Planning to get it right

5 Jun 24

VolkerStevin’s Quality Ripple programme is moving forward via tools learned from the business-wide rollout of GIRI training, HSEQS & IM director Duncan Aspin told GIRI’s members meeting, before handing over to head of planning Martin Roby, who explained how a focus on planning is helping VolkerStevin improve overall delivery.

Quality Ripple

The Quality Ripple programme has been through four stages, said Duncan. The first was deciding on the name for the initiative, which was modelled after VolkerStevin’s success Safety Ripple programme. Both are based on the same three key principles: a positive, inclusive and future-focused approach. “This way you get discretionary effort from people, you encourage ownership and accountability, and you look at solutions rather than dwelling on the problem.”

The business adopted the strapline “right from the start” for the programme. “We had feedback suggesting that a lot of errors we saw on our projects were initiated by things that happened well before the project started, in the work-winning or design stages, and this is supported by GIRI’s research. So it was important for us to recognise that everything we did from a quality point of view looked at every part of our business.”

VolkerStevin then took Quality Ripple on the road in a series of workshops to understand what it needed to focus on by garnering feedback from across the business. A number of areas were prioritised for improvement and action plans were put in place – for example, developing a one-day onboarding session for new starters – to ensure the insights were acted on. 

Behaviour change

“Our next step was the culture piece,” said Duncan. “We developed a business culture called ‘the VolkerStevin Way’ with six core principles, one of which was the commitment to getting it right from the start. This goes through every element of the business rather than just focusing on when work starts on site.”
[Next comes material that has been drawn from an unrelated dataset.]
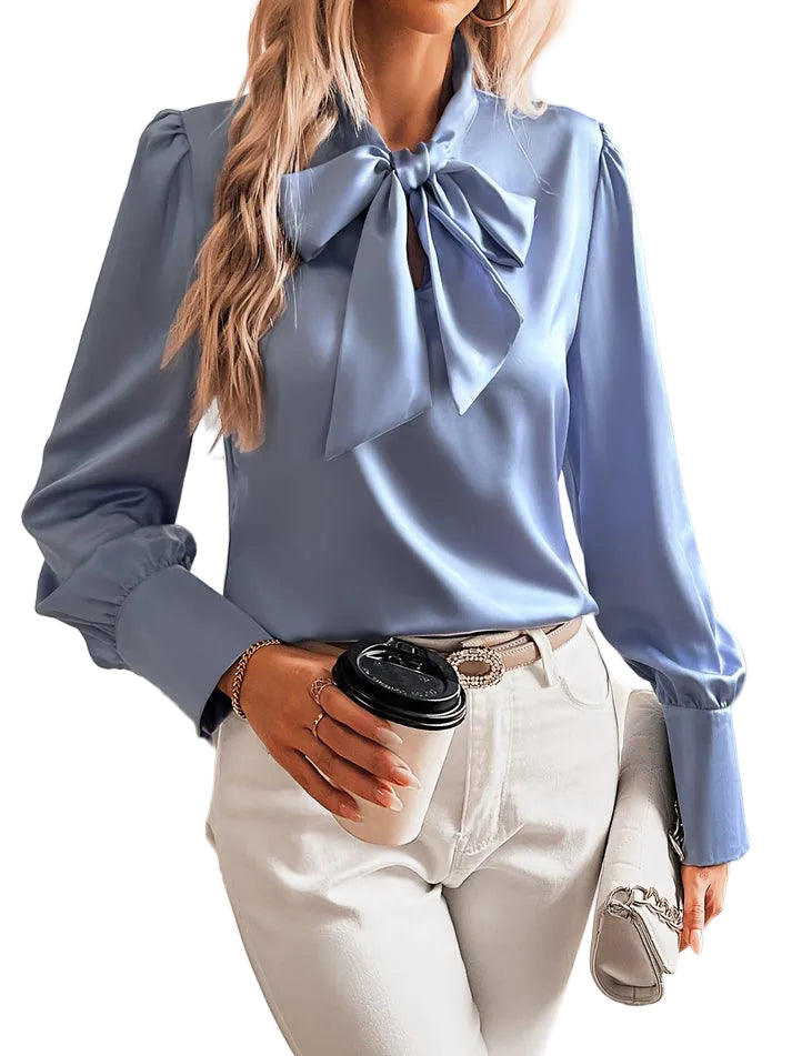 Damska bluzka z długim rękawem i wiązaniem przy dekolcie

The programme is now at the stage of utilising the tools and techniques of GIRI training to drive it forward. VolkerStevin is in the process of rolling out GIRI training throughout the business, including becoming accredited to deliver the courses in-house. “We started by engaging senior leaders through the leadership training, and we are now beginning the take the tools and approaches onto sites and into our work-winning functions.”

Planning to get it right

GIRI training aims to target the root causes of error, and the number one root cause identified by GIRI research is inadequate planning, so this is an area of focus for VolkerStevin, said Martin Roby, head of planning. Martin used the analogy of Sat Nav to highlight the importance of not just planning but sticking to the plan. “We know that if we follow the route the Sat Nav recommends that we will end up where we’re going within the specified timeframe, so why do we have that tendency to think we know better and deviate from the route?”
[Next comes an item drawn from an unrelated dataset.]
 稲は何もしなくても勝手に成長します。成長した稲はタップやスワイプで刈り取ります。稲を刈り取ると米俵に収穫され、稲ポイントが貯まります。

If you apply this analogy to a project and the route map is the programme, said Martin, changing that programme not only creates greater potential for error and delays, but it also impacts quality, safety, and generates stress for everyone involved.

Martin explained that VolkerStevin has made planning to get it right a key focus. “Within VolkerStevin, we have our contract-level programme, which is the project lifecycle from concept to completion, and within that we have a three-month lookahead. This is where we identify all the interfaces and stakeholders and ensure we are on the right path and are filtering out potential errors and challenges. This is then communicated down through our short-term planning, which is our three-month lookahead. This determines our day-to-day tasks and ensures everyone knows what they need to do today, and tomorrow. And really it is about the interface of all that data and ensuring we are tying it back into the one plan for delivery, because everyone has their own deliverables within that plan.”
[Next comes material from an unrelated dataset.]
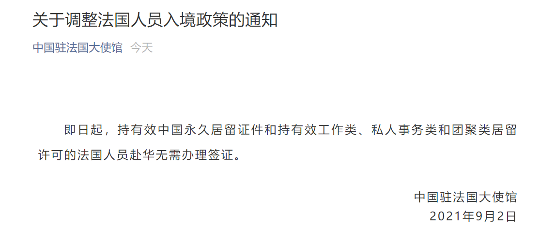 今日,据中国驻法国大使馆官方微信通知,即日起,持有效中国永久居留证件和持有效工作类、私人事务类和团聚类居留许可的法国人员赴华无需办理签证。

Mastering short-term planning is key to improving achievement all the way through the process, Martin added. “As an industry, we achieve around 65% of our contract-level programme in any given month. If we got to 75% in a week, we’re still losing one day in five of planned works. That’s not because we stop, it’s because of all the other things we are doing in that time that aren’t planned. So that short-term planning is a real focus for us to improve delivery, and it’s all about linking it back to getting it right from the start.”